- [Exercise instructions]: Please repeat, exactly as written, every line from the one containing "Collana tennis con" through the last line of the records, both included, and leave out any pictures.

- [Data excerpts]:
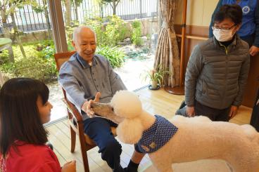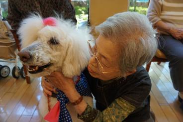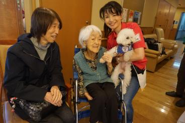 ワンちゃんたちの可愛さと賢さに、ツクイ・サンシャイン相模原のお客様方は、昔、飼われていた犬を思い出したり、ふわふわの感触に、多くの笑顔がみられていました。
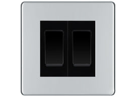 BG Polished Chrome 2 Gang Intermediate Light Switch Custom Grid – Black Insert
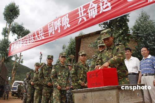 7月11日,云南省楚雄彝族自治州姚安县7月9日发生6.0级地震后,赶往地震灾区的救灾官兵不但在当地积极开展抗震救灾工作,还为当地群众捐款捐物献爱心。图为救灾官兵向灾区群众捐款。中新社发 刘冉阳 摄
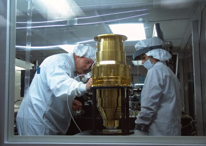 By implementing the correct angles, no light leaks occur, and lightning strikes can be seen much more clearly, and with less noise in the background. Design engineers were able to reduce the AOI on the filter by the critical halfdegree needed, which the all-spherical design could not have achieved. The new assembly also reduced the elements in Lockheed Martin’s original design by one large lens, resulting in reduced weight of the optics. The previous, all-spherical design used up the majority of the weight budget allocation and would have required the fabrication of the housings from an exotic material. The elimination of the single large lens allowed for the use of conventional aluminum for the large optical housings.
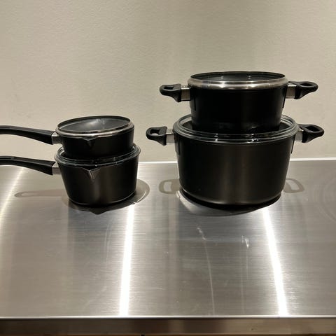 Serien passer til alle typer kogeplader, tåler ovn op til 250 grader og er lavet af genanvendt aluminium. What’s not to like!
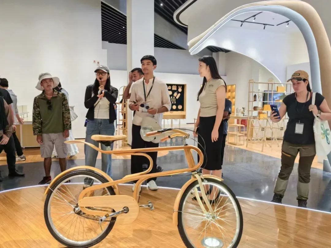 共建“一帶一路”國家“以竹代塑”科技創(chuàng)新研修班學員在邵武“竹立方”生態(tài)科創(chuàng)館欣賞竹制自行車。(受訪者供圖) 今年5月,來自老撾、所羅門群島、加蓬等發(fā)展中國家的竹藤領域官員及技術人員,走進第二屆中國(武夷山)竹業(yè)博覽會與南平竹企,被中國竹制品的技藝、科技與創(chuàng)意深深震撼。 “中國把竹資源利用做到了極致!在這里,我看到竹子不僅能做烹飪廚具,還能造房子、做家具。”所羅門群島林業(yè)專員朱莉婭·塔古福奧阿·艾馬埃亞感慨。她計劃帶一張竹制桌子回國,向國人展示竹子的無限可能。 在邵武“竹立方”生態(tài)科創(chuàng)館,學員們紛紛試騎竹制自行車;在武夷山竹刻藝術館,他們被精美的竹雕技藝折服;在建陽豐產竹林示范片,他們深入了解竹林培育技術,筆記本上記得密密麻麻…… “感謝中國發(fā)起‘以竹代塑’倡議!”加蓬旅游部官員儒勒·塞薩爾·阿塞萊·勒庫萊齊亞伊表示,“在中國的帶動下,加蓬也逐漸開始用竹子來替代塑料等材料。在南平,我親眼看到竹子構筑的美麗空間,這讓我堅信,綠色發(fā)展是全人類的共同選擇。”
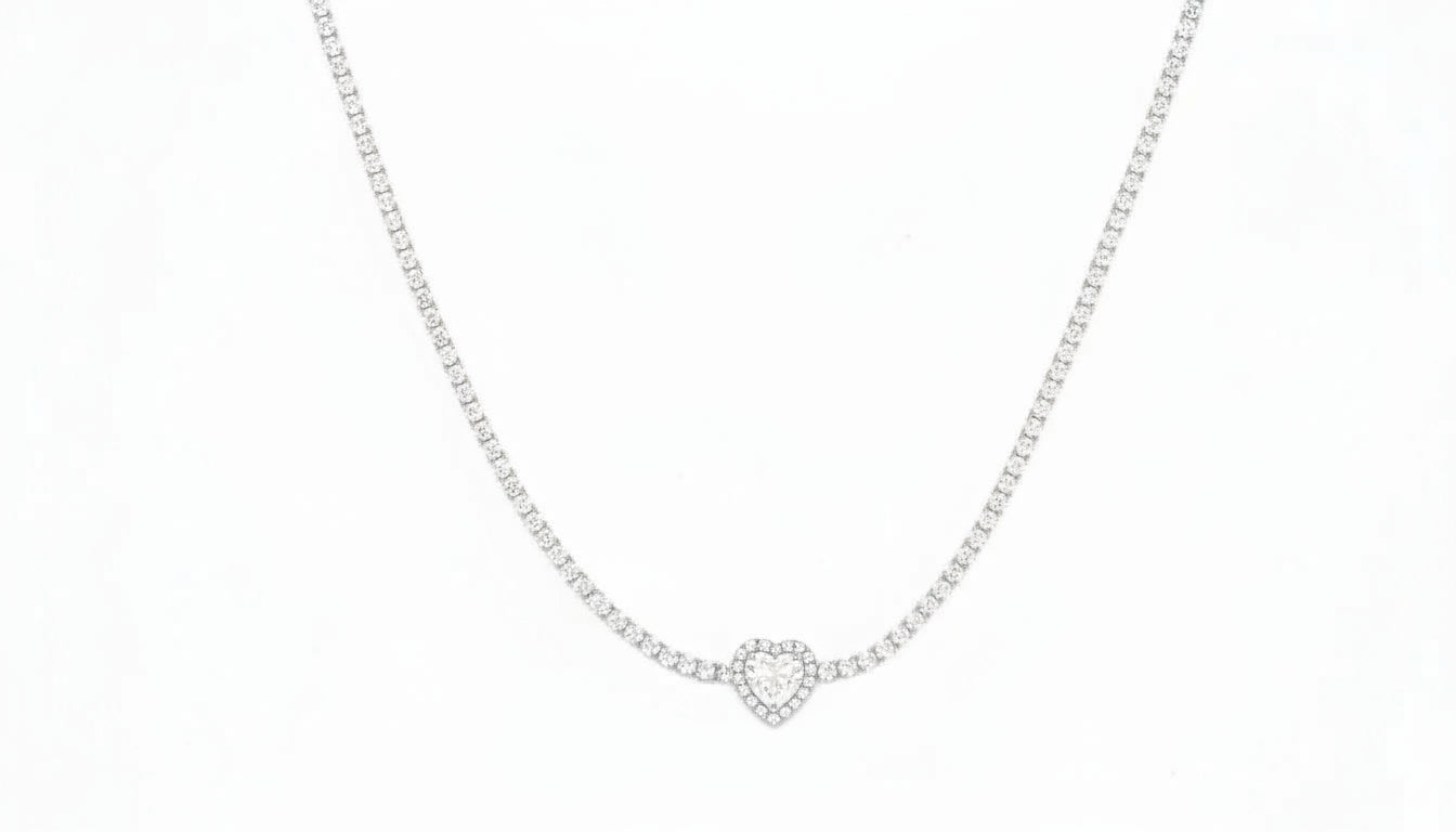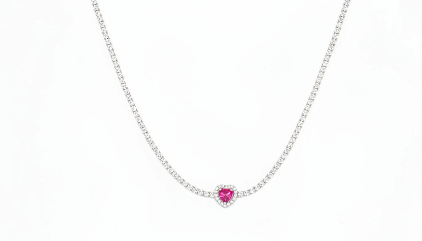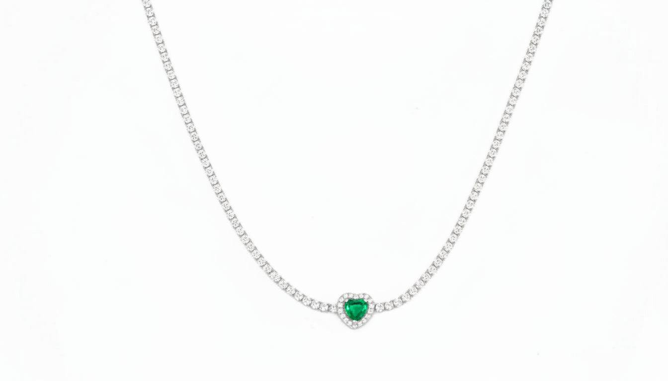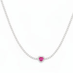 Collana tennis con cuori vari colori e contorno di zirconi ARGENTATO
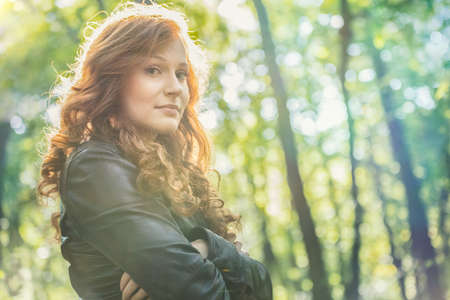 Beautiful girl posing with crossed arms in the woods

- [Answer area]:
 Collana tennis con cuori vari colori e contorno di zirconi ARGENTATO
 Beautiful girl posing with crossed arms in the woods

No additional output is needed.